The European Union has been the biggest importer of China’s electric cars since 2021. Before that, from 2018 to 2020, Asia was China’s biggest importer. But 2021 saw a marked increase in exports to Europe, with 285,000 units for the year, while Asia took second place at 244,100 units.
Europe’s requirements for the endurance of pure electric cars are basically the same as those in China, but the intelligentization of these autos is significantly lower than that of Chinese NEVs, an industry analyst told Yicai Global. For similarly priced models, the intelligent cockpit, entertainment and personalized settings in Chinese brands are far better than those of other carmakers.
Some 46 of China’s 60 NEV manufacturers had international operations as of the first half last year, according to market data. And of the exporters, overseas revenue accounted for 23.6 percent of total revenue.
Auto parts maker Joyson Electronics had the biggest proportion of overseas sales at 76.3 percent, raking in CNY17.5 billion (USD2.6 billion). Internal combustion engine manufacturer Loncin Motor came second with 69.8 percent. Battery makers and raw material suppliers, such as Sunwoda, EVE Energy and Ganfeng Lithium, also did well in foreign markets.
EV battery giant Contemporary Amperex Technology bagged CNY22.2 billion (USD3.2 billion) from overseas sales in the first half last year, accounting for 19.7 percent of total revenue. And since then it has signed deals with several companies in the US and Hungary, greatly expanding its footprint abroad.
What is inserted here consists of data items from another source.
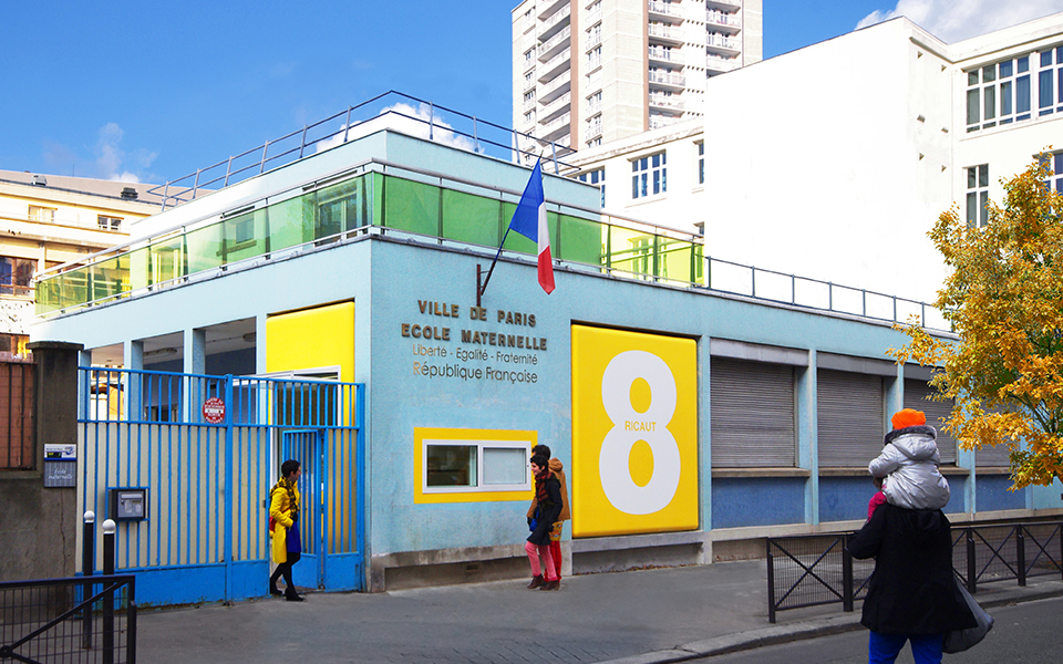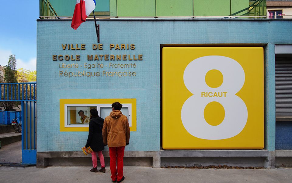 Dans une rue résidentielle, près du quartier animé de la place d'Italie, la nouvelle loge de l'école Ricaut affiche son grand cube jaune, posé en lieu et place de l'ancienne entrée, clarifiant l'accès principal et offrant un espace de travail à la fois visible et indépendant du logement de fonction attenant.
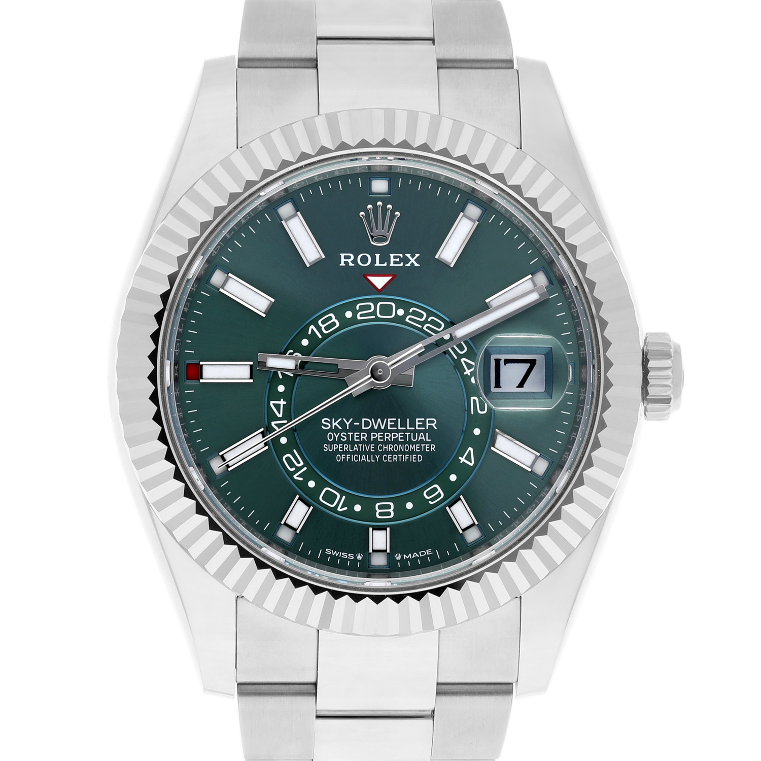 Rolex Sky-Dweller Jubilee 42mm Stainless Steel Green Dial Fluted 336934 Unworn
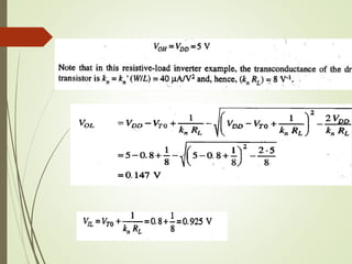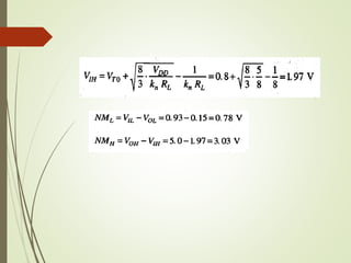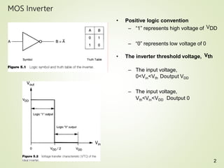 1. The document discusses the static characteristics of MOS inverters, including their voltage transfer characteristic (VTC). The VTC describes the output voltage (Vout) as a function of the input voltage (Vin) under DC conditions.
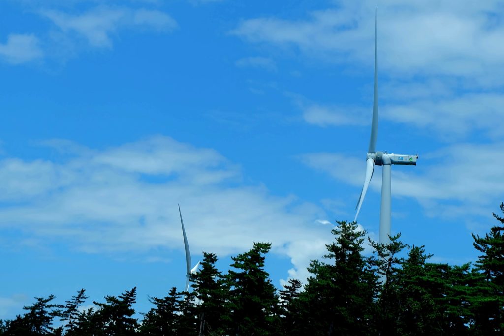 間もなく風力発電のファンが見えた
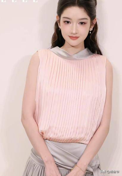 再配上她标志性的梨涡甜笑,那种 “外冷内暖” 的气质,真的让人一眼就记住。
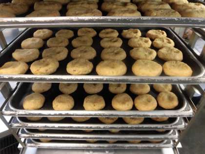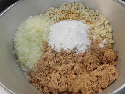 豆腐を細かく切って、ツナ、みじん切りにした玉ねぎ、でんぷん、砂糖、塩、こいくちしょうゆを混ぜてよく練り、一つひとつ丁寧に丸めて焼いています。
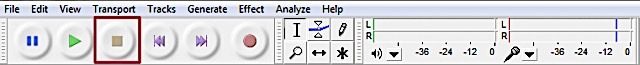 Paso 5: Espera. Permite que la sección deseada o la totalidad de la grabación se reproduzca antes de hacer clic en el botón Detener, representado por un cuadrado amarillo en Audacity y que generalmente se encuentra al lado del botón Grabar en la mayoría de las suites de audio.
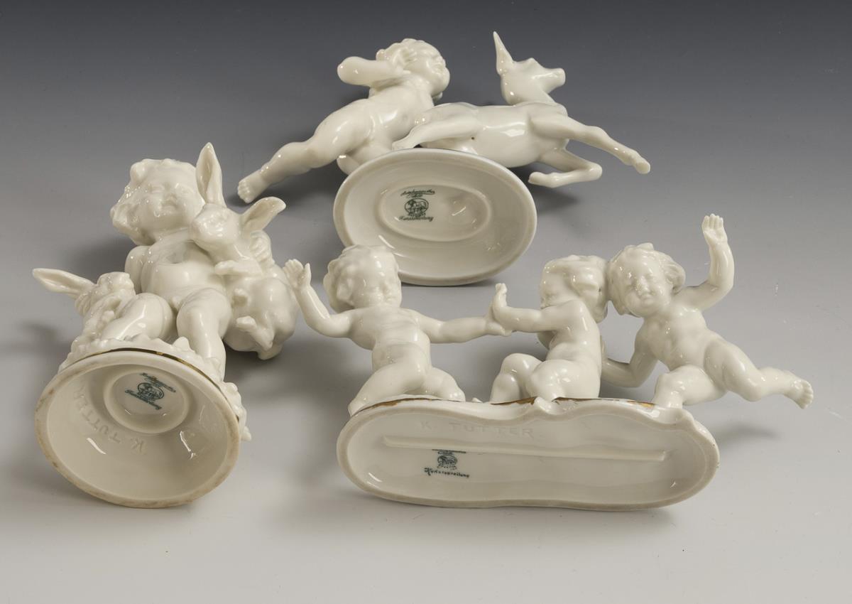 1x Putto with two hares (H 19 cm). / 1x putto with fawn (H 17 cm). / 1x three dancing putti (H 11.5 cm). 1x gold retouched.
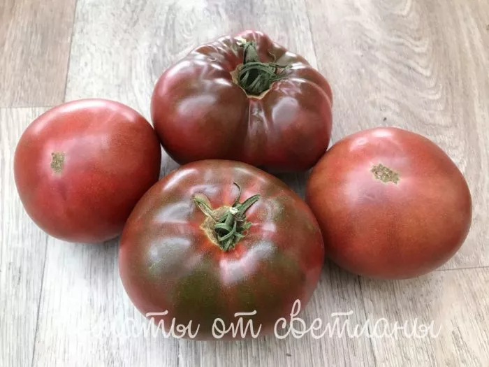 Главная отличительная черта сорта — экзотическая окраска зрелых плодов. Темно-коричнево-вишневый цвет, часто описываемый как шоколадный или бордово-коричневый, достигается благодаря комплексному содержанию пигментов: каротиноидов (ликопин, каротин) и антоцианов. Последние являются сильными антиоксидантами, что повышает питательную ценность урожая.
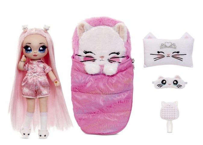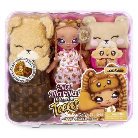 Na! Na! Na! Teenagerky dnes mají Pyžamovou párty! Krásné fashion panenky nyní přicházejí se vším, co potřebují pro útulný a luxusní spánek u kámošky. Jejich módní doplňky dělají okouzlující dokonce i spánek! Panenka má dlouhé česatelné vlásky.
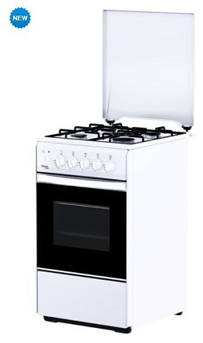 Габаритные размеры, см50 х 60 х 85 * Материал варочной поверхностиэмаль * Электророзжиг горелок стола * Профильная решетка * Материал крышки/щитка металл * Цвет белый * Материал духового шкафа эмаль * Объем духовки 50л * Газ-контроль горелок духовки * Подсветка духовки * Двойное стекло дверцы духовки * хоз. отсек *

By comparison, Chinese automakers earn relatively little of their income from exports. Great Wall Motor’s overseas revenue accounted for 14.9 percent of total revenue in the first half last year, while that of Changan Automobile was 11.6 percent and that of GAC Group was only 2.8 percent.
BYD is the biggest NEV exporter. It sold almost 56,000 autos abroad in 2022 and has sales networks in more than 40 countries and regions, including Japan, Germany, Australia and Brazil.
The Shenzhen-based company is building its first overseas plant in Thailand, which is expected to be ready in 2024 with an annual output of 150,000 units. The autos produced will be sold in Thailand as well as to neighboring countries.
In the future, as China’s big brands improve their overseas supply chains and reduce manufacturing costs, they may become more competitive, the analyst said.